Family vs Work: 3 Functional Principles of Intentionality


at the Louisville Zoo last summer with Nikki

Nikki Arnold needed some thoughts for an observation paper assigned in her Lifespan Development class at Lipscomb. She asked for my thoughts on the subject of balancing family and work. I needed to write my thoughts down to organize them. This are my thoughts as I sent them to Nikki. I thought they could possibly be helpful to others.  

I think an important thing that makes for good parenting when considering work as a major factor is intentionality. The normal work week for my job is manageable but the extra events and circumstances are what could threaten my family. Because of that, those are the types of work/family balancing issues that I’ll talk about. I think there are 3 ways to be intentional when balancing work and family in this way.

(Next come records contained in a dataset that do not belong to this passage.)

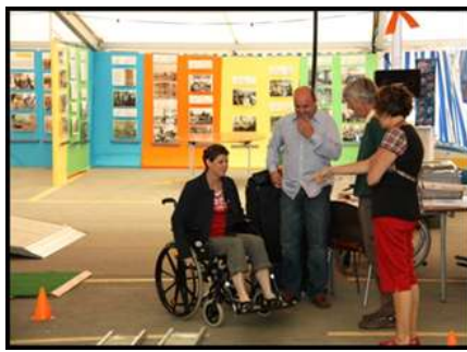
le 50 ème anniversaire du Foyer Ste-Camille à Marly/FR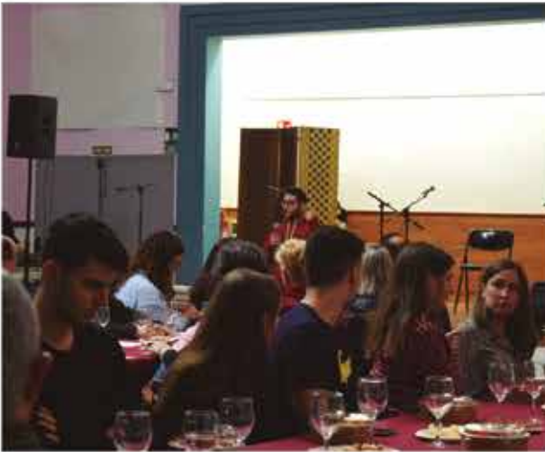
6 de novembre, Tastets: vins, tapes i música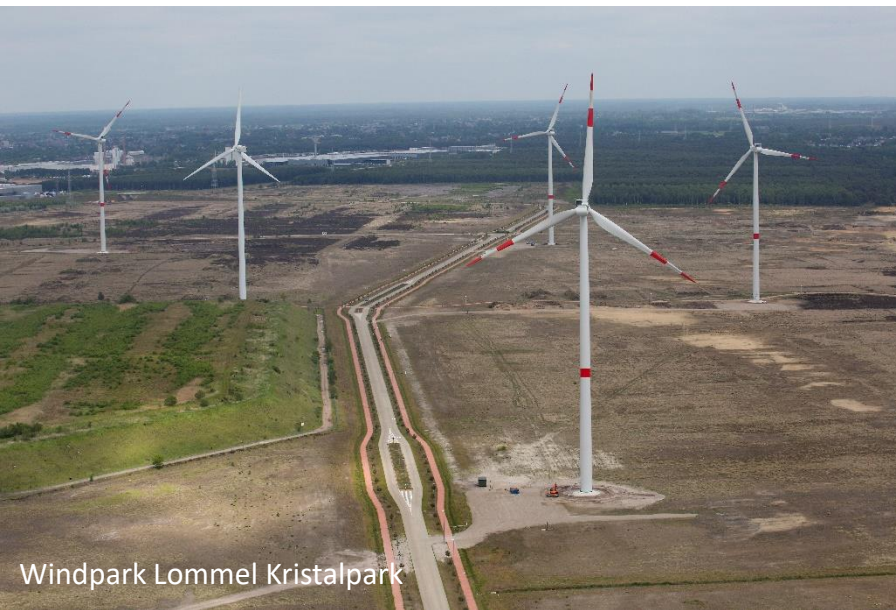
Windpark Lommel Kristalpark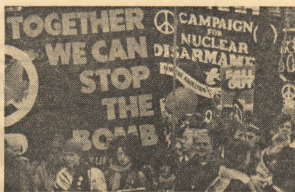
„Împreună, putem opri bomba!”. Iată, rezumat succint — pe parcursul purtat de participații la o manifestație desfășurată la Londra împotriva războiului, a cursei înarmărilor, pentru pace — un imperativ vital al timpului nostru

RIAD 19 (Agerpres). — Yasser Arafat, președintele Comitetului Executiv al Organizației pentru Eliberarea Palestinei, a conferit la Jeddah (Arabia Saudită) cu Habib Chatli, secretarul general al Organizației Conferinței Islamice, transmitind agenției gateraz de știri, Q.N.A.

The first way to be intentional is to decide upon which principles will you make the decisions of work and family. My guiding principle is that God has gifted me with my children and charged me with their development in a way that I am specifically responsible for the care of their souls. While God has also blessed me with talents and abilities with which to perform work, I don’t think he micro-managed the exact job I have or related events I attend. So while children are a specific, soul-possessing gift from God, my job is really just a generic gift. Therefore I know where my first allegiance must fall: with my children and family. This is not to say that family/children always and automatically win the battle of time or circumstance. But it is to say that I hold every decision on investment of time and energy up to this first principle of specific responsibility.

The second way to be intentional is determine the amount of expected influence. I don’t mean this to sound overly-calculated and cold, but I am a critical thinker by nature. Because of that, when two events or circumstances conflict with one another, I try to decide which to choose based on the amount of influence I expect the circumstance will produce. For example, if I’m asked to be away for a weekend to speak at a youth event out of town, I weigh the amount of influence I think I can have on those teens. If I think it’s an important subject to speak on or an influential event to attend, then I’ll choose to be away from my family for that weekend. If I’m asked to be away from my family but I determine that my presence will not be of much influence, then I’ll decline in order to have the time for family. The basis of this principle is to never make a decision based on ego, self-promotion or personal amusement.

The third principle for me is reinvestment. If I’m planning to be gone for a weekend, I’ll try to spend extra time before and after the event with my family. If I take away some family time for extra work or events, I try to take time back away from work to give back to my family. A terrible mistake any parent can make is to assume that your family should have to continually sacrifice to your job. As a working parent, you must find ways to make your job sacrifice back to your family.